Sublimity is an experential truth. If I do not experience it, is only true for the author. Dick Cheney may experience the rise of the surveillance state as sublime, but I do not. If you want to argue that a landfill is more inspiring than a rose, I’ll leave you to it. I experience disgust - The rise of the surveillance state was an Op. A flooding of an epistemology that government is inherently good - It was calculated, cunning, and recursive. Post 9-11, we experienced the next version. An inflection point no doubt, but a fairly taught line cane be drawn between MK Ultra and where we are today.

Celebrating it as sublime, is like celebrating Holocaust because of all the swell movies that were made about it. My initial reaction remains unchanged - Eeeeeewwwww

We all experience woosh in the face of the sublime. I don’t think the authors are attributing “good” here to the emergent system they are discussing - rather I think discussions of aesthetic appreciation are akin to the enjoyment of reading lovecraftian horror - contemplating entities of uncontemplatable scope is pleasurable not due to their goodness or badness, but because our ability to brush up against the infinite fills us with the recognition of our nearly divine powers of comprehension - the transcendental nature of grasping the ungraspable if only for a moment.

Maybe i misread, but I didn’t think they were celebrating it in the sense you’re implying. Your commments about the holocaust did make me consider if it is in bad taste, but I think any tact toward greater understanding of the apparatus is ultimately beneficial - I don’t think this is pro-security state.

also was thinking about what you said about cancer - I am terrified of it and experience the same disgust you are talking about. It is too repulsive to me for me to be fascinated, but ultimately I think the scientists that could find a cure must experience a fascination - I don’t think disgust and furious anger allow for the kind of holistic critical thinking necessary to overcome these extremely complex problems.

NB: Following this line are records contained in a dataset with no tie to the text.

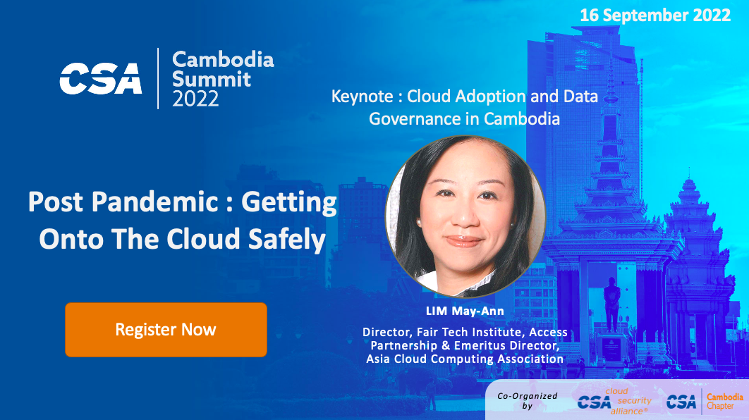 The keynote address on "Cloud Adoption and Data Governance in Cambodia" will be given by Ms. May-Ann LIM (Director, Fair Tech Institute, Access Partnership & Emeritus Director, Asia Cloud Computing Association). There is much interest & excitement about how Cambodia can be riding the wave of digitalization through cloud computing to power its economic development. This presentation will examine the level of cloud adoption in Cambodia, the types of services which are being consumed, & examine some cloud adoption & cybersecurity related issues & regulations which may help - or impede - Cambodia's digital transformation journey. The program & registration links are available at: https://www.csaapac.org/csacambodiavsummit2022.html.
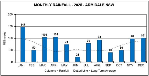 ARMIDALE 2025 ANNUAL WEATHER
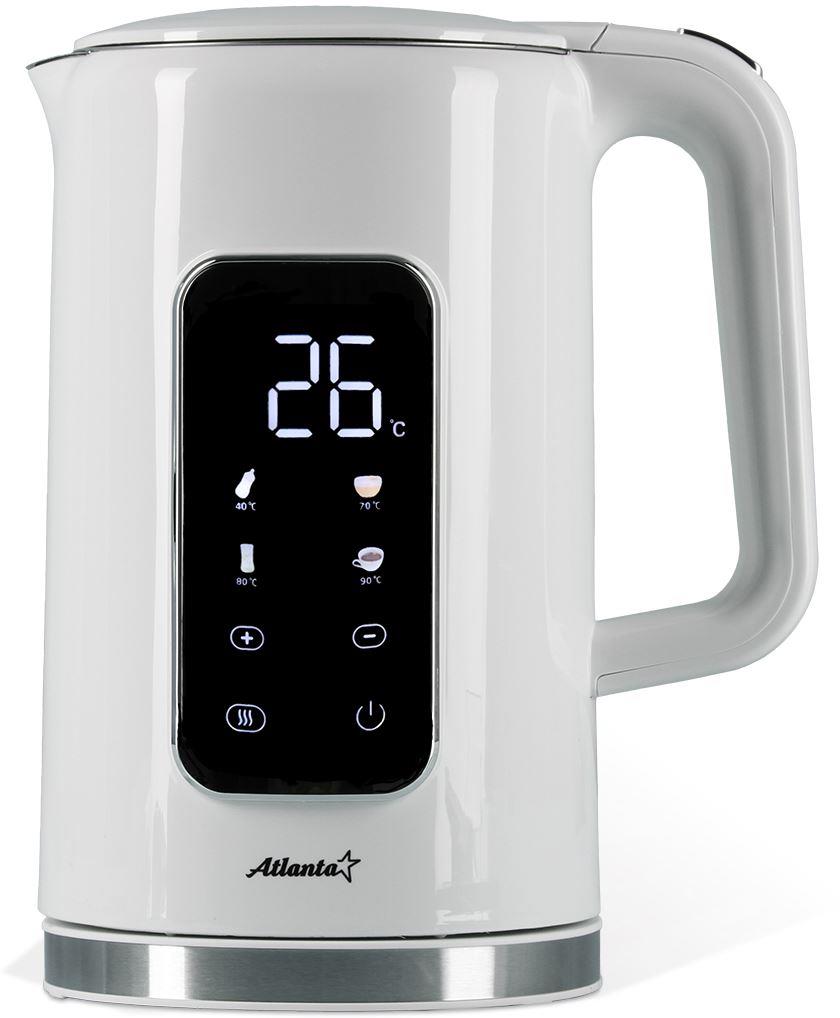 Электрический чайник ATH-2539 от Atlanta - это сочетание стиля и функциональности. ATH-2539 оснащен композитным двухслойным корпусом, внутренняя колба которого выполнена из пищевой нержавеющей стали 18/10. Это обеспечивает долговечность и безопасность использования. Чайник оснащен цифровым контролем температуры и 4 быстрыми температурными режимами. Вы можете выбрать один из них или настроить температуру вручную. Большой, яркий LED дисплей обеспечивает удобство использования и наглядность.
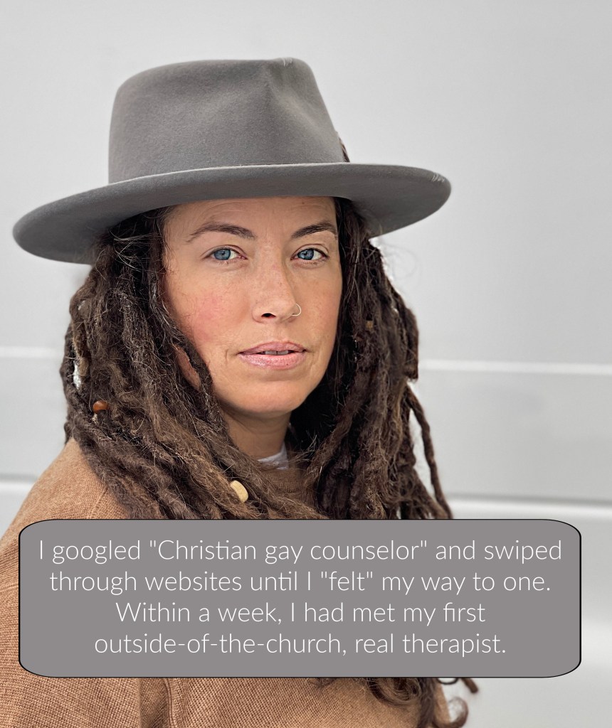 I googled “Christian gay counselor” and swiped through websites until I “felt” my way to one. Within a week, I had met my first outside-of-the-church, real therapist. I was nervous and yet, the stories I had to share were at a boiling point. I was not going to tip-toe into this relationship. I needed relief from all that I had been carrying. So, I committed to myself to not hold anything back.
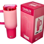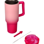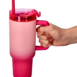 Entdecken Sie den Komfort eines großen Thermobechers mit Strohhalm in elegantem Rosa. Der breite Griff liegt hervorragend in der Hand, der Deckel minimiert Verschütten und der Strohhalm erleichtert das Trinken auch beim Gehen. Ideal für Wasser, Eiskaffee oder Limonaden.
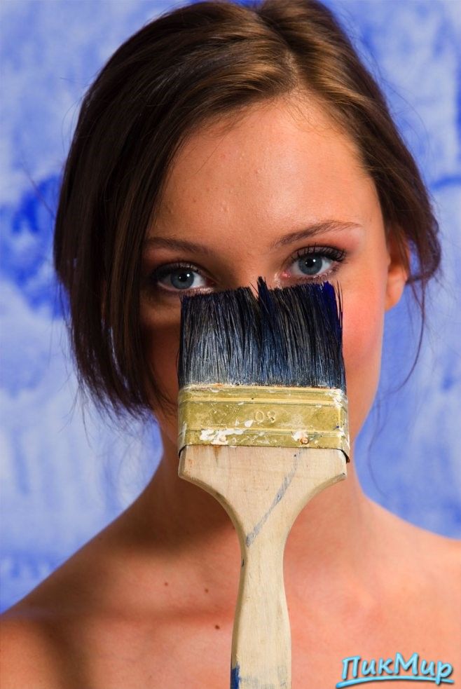 красивая и веселая эротическая фотосессия обнаженной девушки с большой грудью и бритой киской, которая рисует на стене смайлик, излучающий позитив.
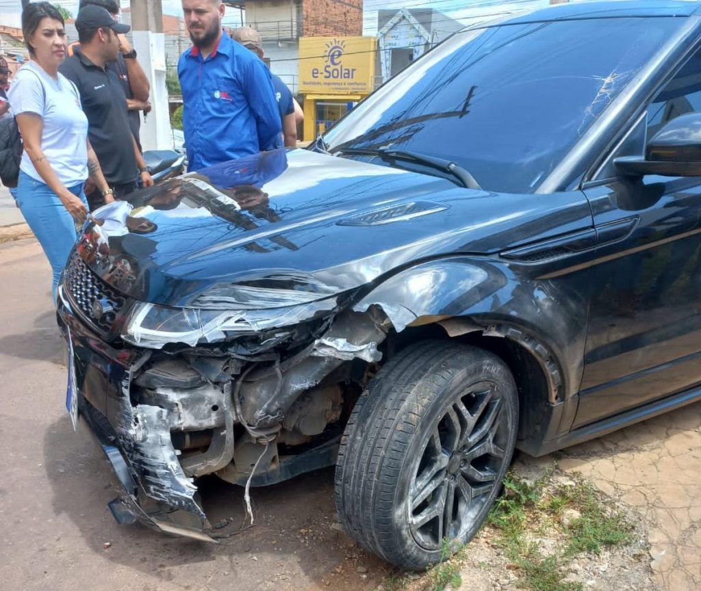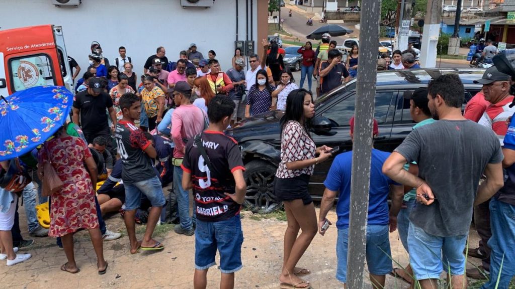 O acidente aconteceu no final da manhã desta quinta-feira (25), na Avenida Raimundo Veridiano Cardoso. O carro descontrolado atropelou três pessoas que já estavam na calçada.
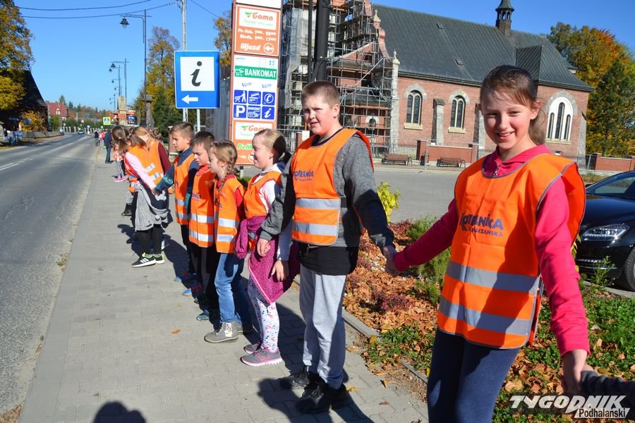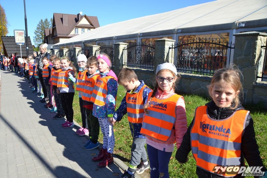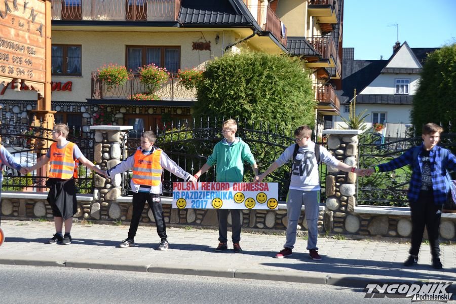 W Białce Tatrzańskiej padł ogólnopolski rekord Guinessa. Czegoś takiego w Białce jeszcze nie było. W poniedziałek, tuż przed południem na chodnik w centrum miejscowości wyszło blisko 500 osób - uczniowie szkoły podstawowej, pracownicy, mieszkańcy, przedszkolaki, a także uczniowie z innych szkół z terenu gminy Bukowina Tatrzańska. Wszyscy trzymali się za ręce i ustawili w szeregu, który liczył niemal pół kilometra. Każdy miał na sobie kamizelkę odblaskową albo odblaski na rękach. Wszystko to działo się w ramach akcji Odblaskowa Szkoła. Białka Tatrzańska postanowiła pobić ogólnopolski rekord Guinessa na najdłuższy łańcuch osób w odblaskach.

all that said, sorry for saying “woosh” I hate that I fall into the trap of letting the culture and anonymity (irony noted) of the internet cause me to be less civil and make quicker assumptions than I would in other circumstances. Although I am not entirely against the slightly lower threshold for engaging in debate on the internet, I think it is freeing and hopefully helpful for quickly refining ones ideas… guess it’s a balance.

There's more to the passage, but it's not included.